§ PROVIDED DATA:
══════════════════════════════

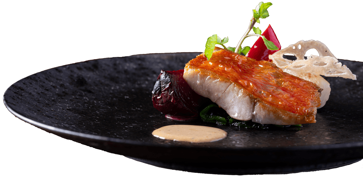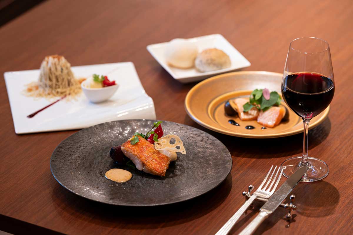 小野甚味噌醤油店 黒豆味噌のバターソースLunch モン デジュネ 5,500円Dinner ディネ プリフィックス 6,800円種類豊富なブッフェに選べる前菜と美しいメインディッシュがセットのメニューが人気。ディナーを楽しむなら、金目鯛の上品な脂の旨味と黒豆味噌のまろやかなソースとの相性がよい自慢の一皿をどうぞ。
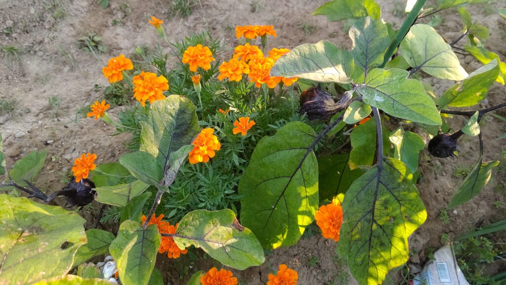 Eggplant and marigolds
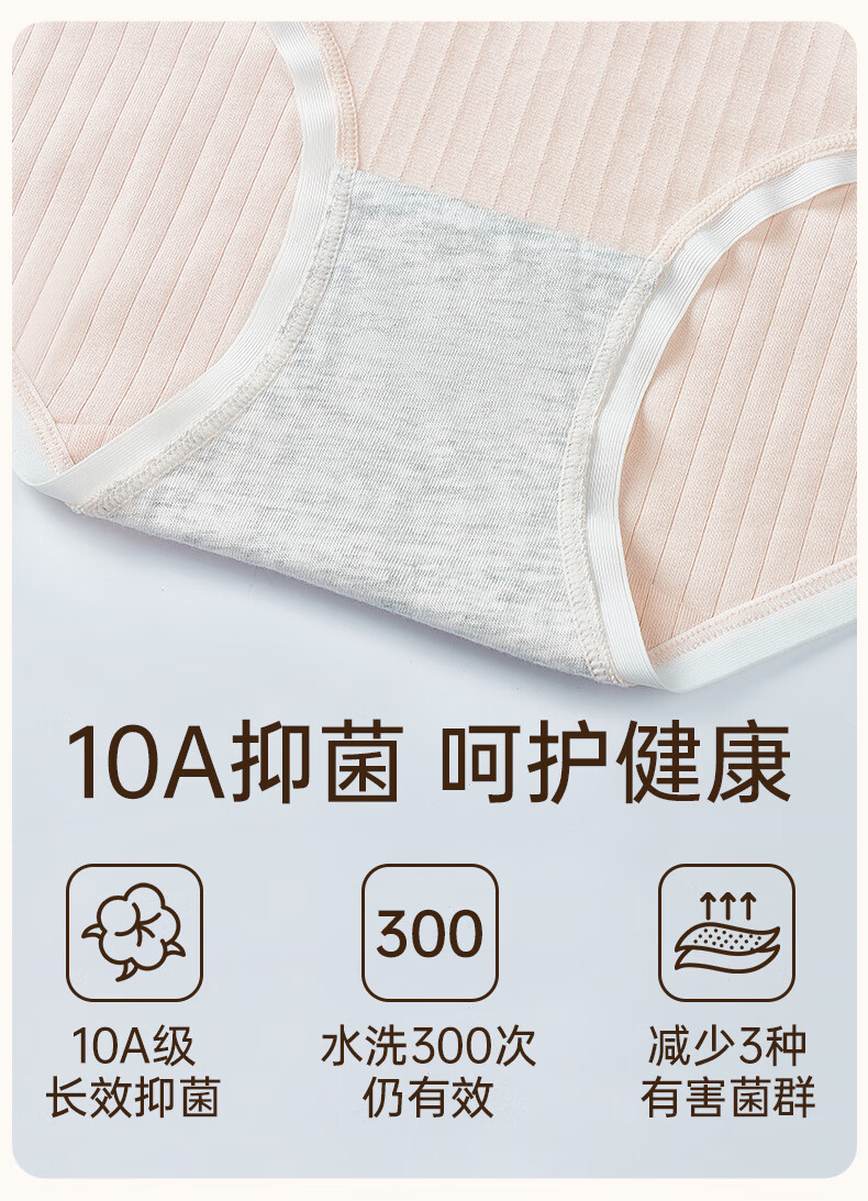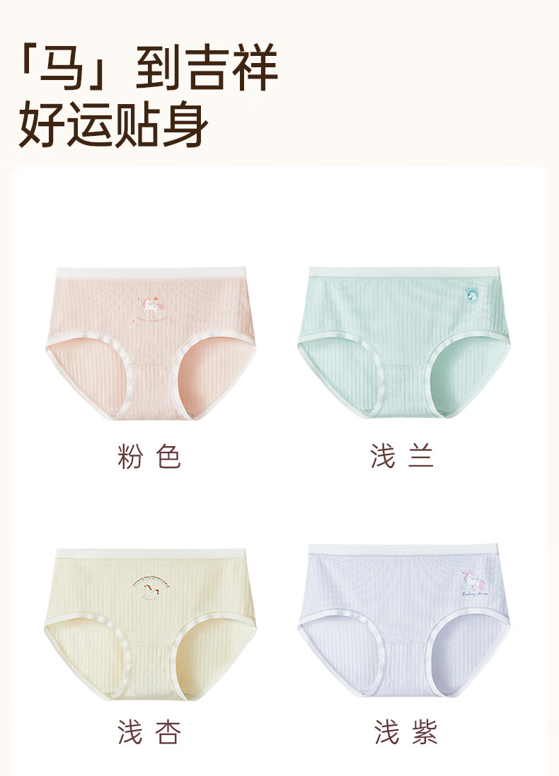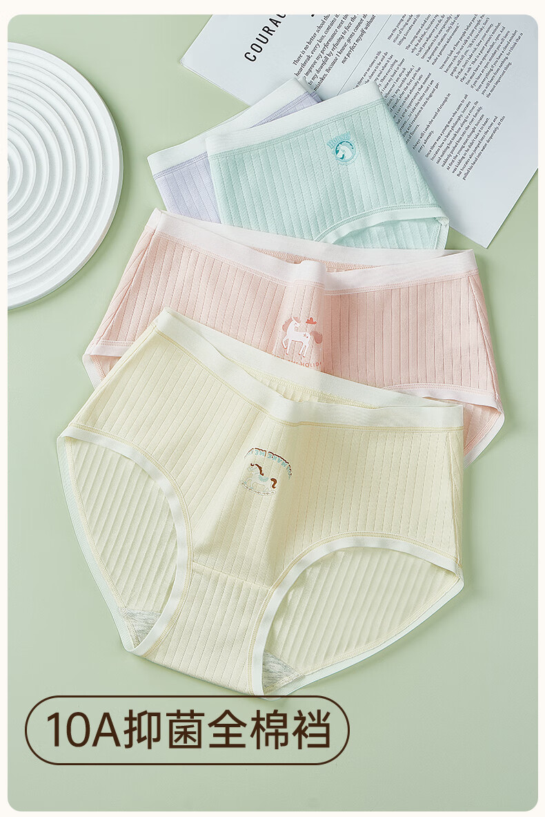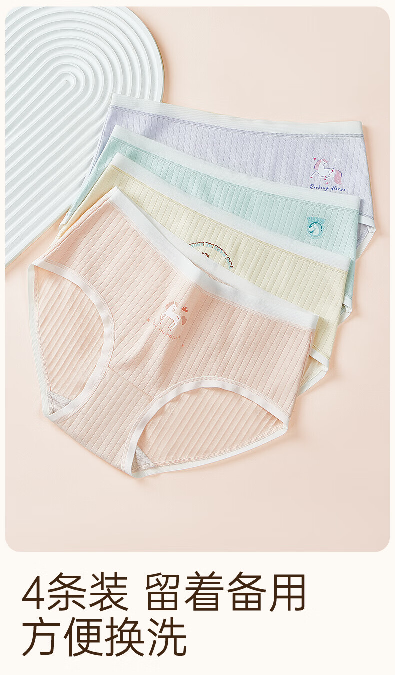 玛伦萨4条装10A抑菌内裤女100%棉裆三角裤头透气可爱少女内裤 浅紫+粉色+浅兰+浅杏 M
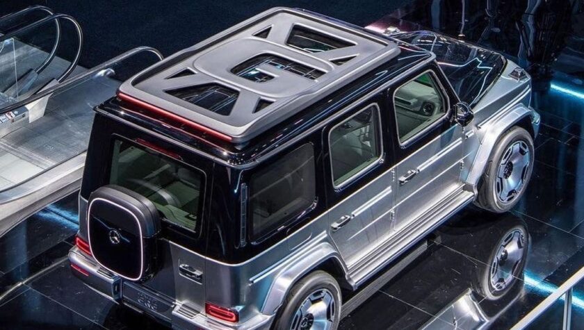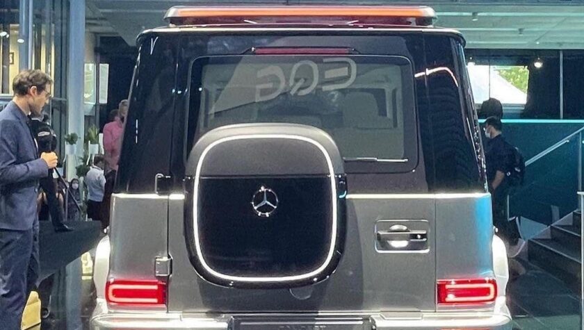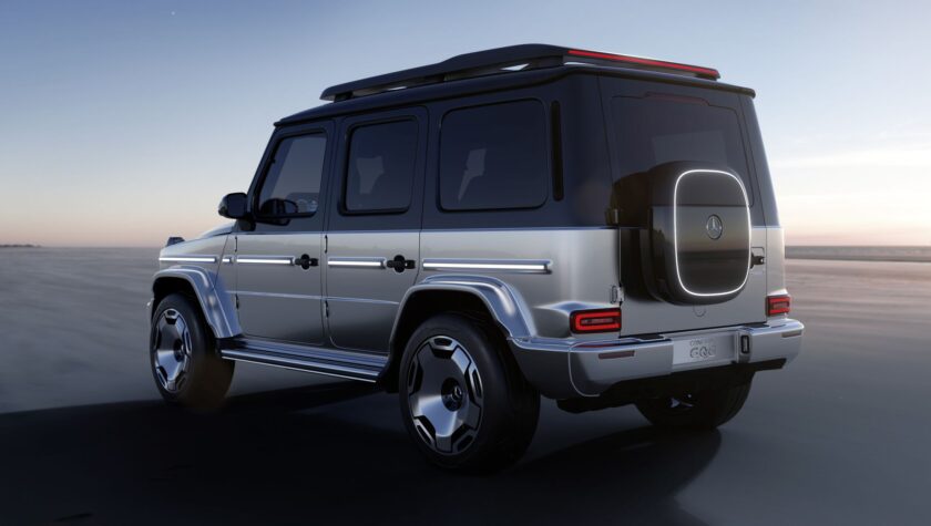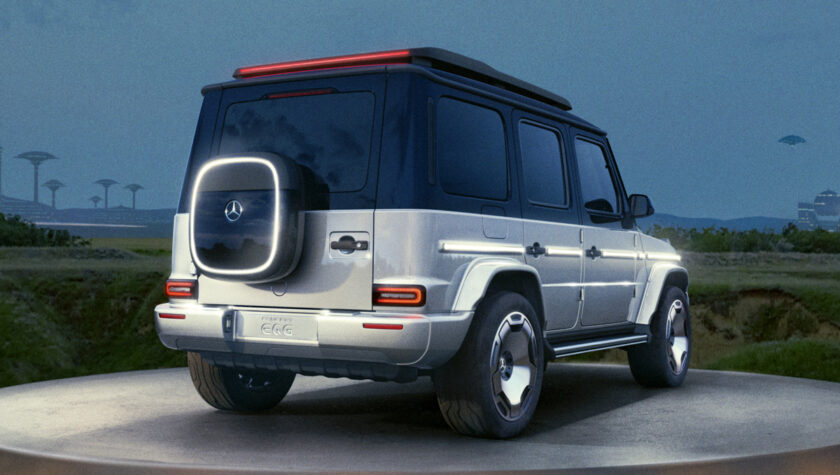 Конечно, Mercedes Geländewagen даже в электрической версии должен сохранять свой «армейский» внешний вид с прямыми линиями кузова, характерной формой остекления и круглыми фарами. Обязательным атрибутом остаются огромные колеса, подчеркивающие большой клиренс, а также почти горизонтальные линии крыши и капота.

══════════════════════════════

§ PROMPT: Please set down the whole listing above exactly and skip every picture.

§ ANSWER SECTION:
 小野甚味噌醤油店 黒豆味噌のバターソースLunch モン デジュネ 5,500円Dinner ディネ プリフィックス 6,800円種類豊富なブッフェに選べる前菜と美しいメインディッシュがセットのメニューが人気。ディナーを楽しむなら、金目鯛の上品な脂の旨味と黒豆味噌のまろやかなソースとの相性がよい自慢の一皿をどうぞ。
 Eggplant and marigolds
 玛伦萨4条装10A抑菌内裤女100%棉裆三角裤头透气可爱少女内裤 浅紫+粉色+浅兰+浅杏 M
 Конечно, Mercedes Geländewagen даже в электрической версии должен сохранять свой «армейский» внешний вид с прямыми линиями кузова, характерной формой остекления и круглыми фарами. Обязательным атрибутом остаются огромные колеса, подчеркивающие большой клиренс, а также почти горизонтальные линии крыши и капота.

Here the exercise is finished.